IF, head, shoulders, bust, hips, and feet all point the same direction, change something . Straight adds width and therefore weight.
Turn hips to shadow side to narrow, turn face to light, (short light) That's a start to creating an S curve composition.
I like shot #1 the most of the three, but I think cropping off a slight bit of the left side of the frame would strengthen the shot quite a bit. The second shot shows a lot of the old log to the left, and she's placed on the short side of the frame, looking out of the short side; this makes no sense, but I see it all the time as some type of rule of thirds idea is at play....but this is the wrong "third" placement for her. This is a shot of a log, with a lovely woman in the frame. The last shot, of the child, is okay, but the limb behind her and to the left is very distracting. i do however, like her enigmatic, child-like expression and the way she's holding the stuffed animal.

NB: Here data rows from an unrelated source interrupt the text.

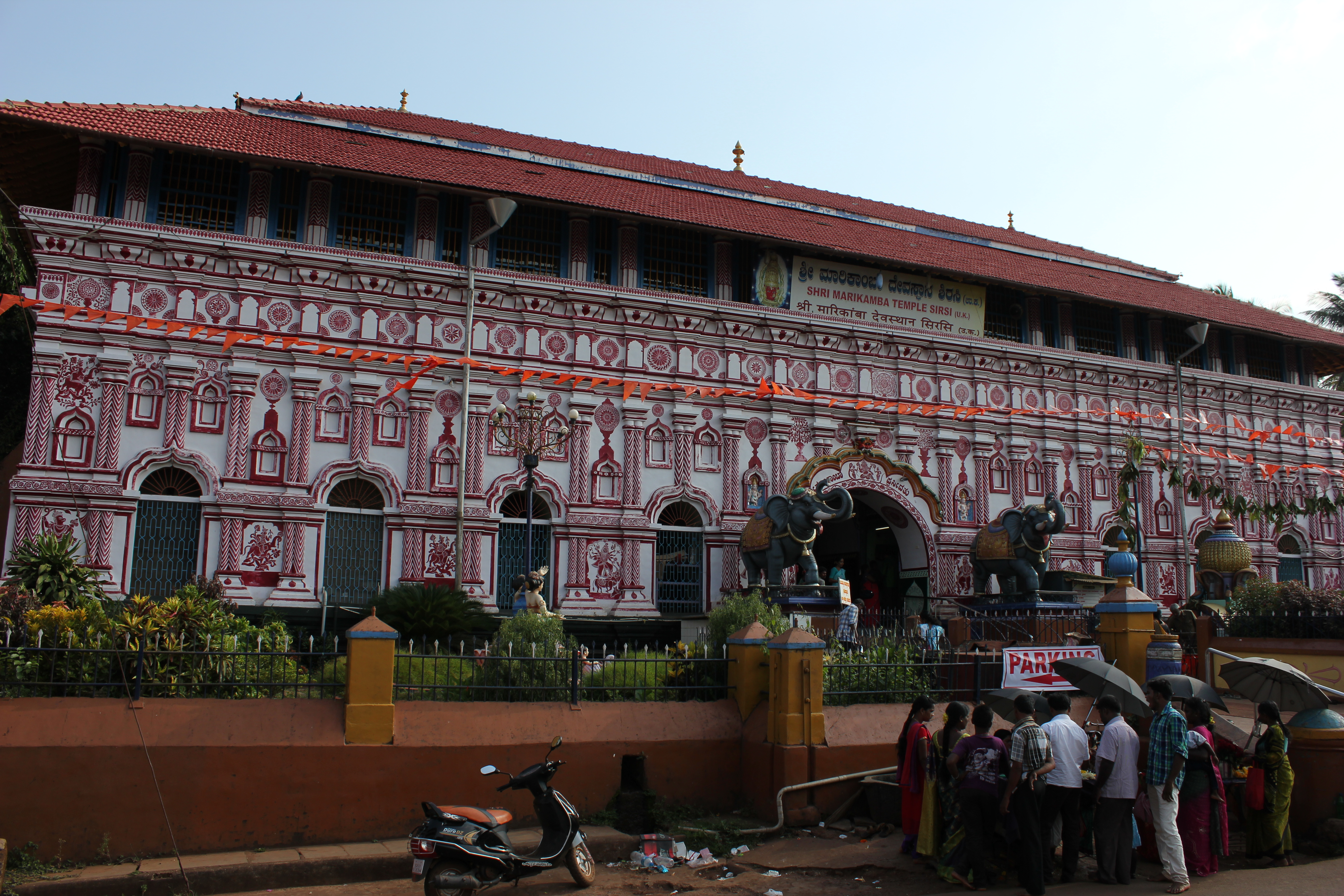 The temple was built by the local Sonde Chief Sadashiva Raya toward the end of the 17th century.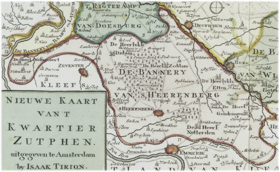 Fief 's Heerenbergh (Netherlands): part of bigger map: Nieuwe kaart van’t kwartier Zutphen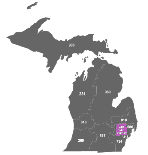 Area code map of Michigan highlighting the region covered by area code 248 and its overlay area code 947.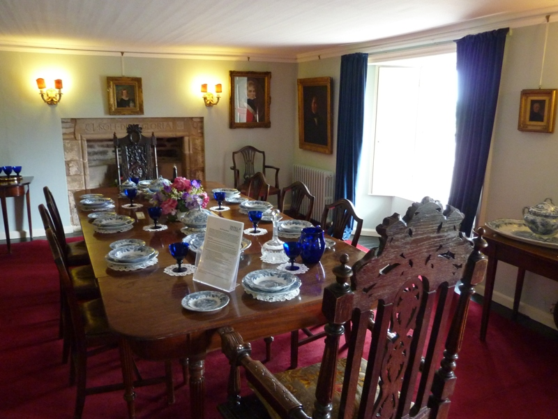 Skaill House, Mainland, Orkney, Scotland. Dining room.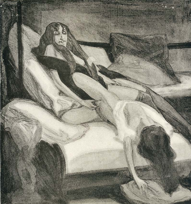 The red teacher from Tales from the Dressing Table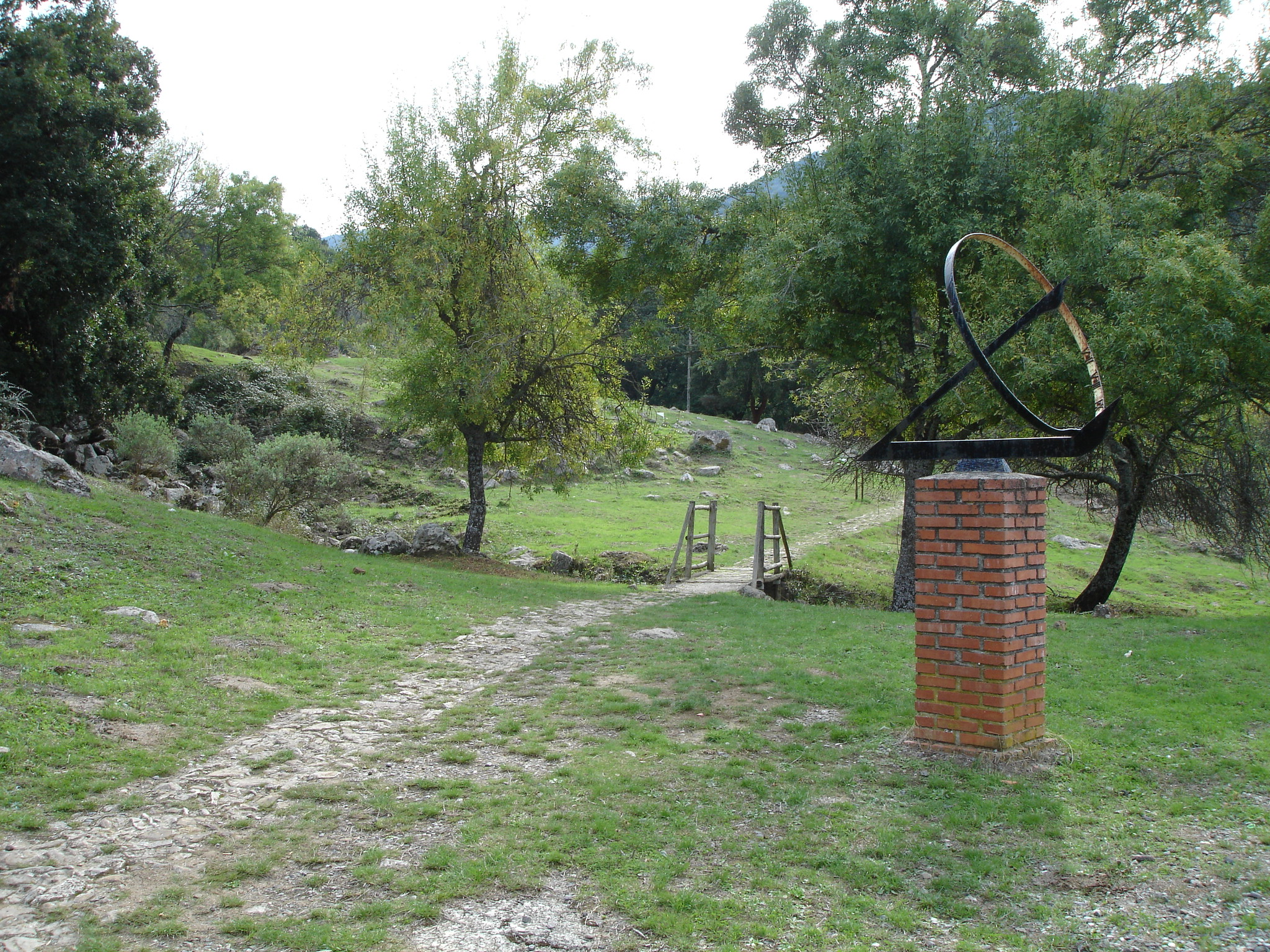 La Sauceda (Cortes de la Frontera, Andalusia). Los Alcornocales Natural Park (Spain)

A little bit of rotation of #1, and a slight cropping and a bit less saturation and a bit less clarity make for a mostly pleasingView attachment 160979 shot. If anything, her left arm clutched against her body looks a little bit forced, but I do think the lighting you've created has a nice, warm quality to it...it looks like a very "modern", off-camera-strobe type shot, which is currently a thing people are doing a lot of, making this look very much like a second decade of the twenty-first century type of portrait.
My crop eliminated that distracting, upright snaggy wood thing on the left edge of the frame, and I think really allows the viewer to look more at her lovely features, without distraction from the background.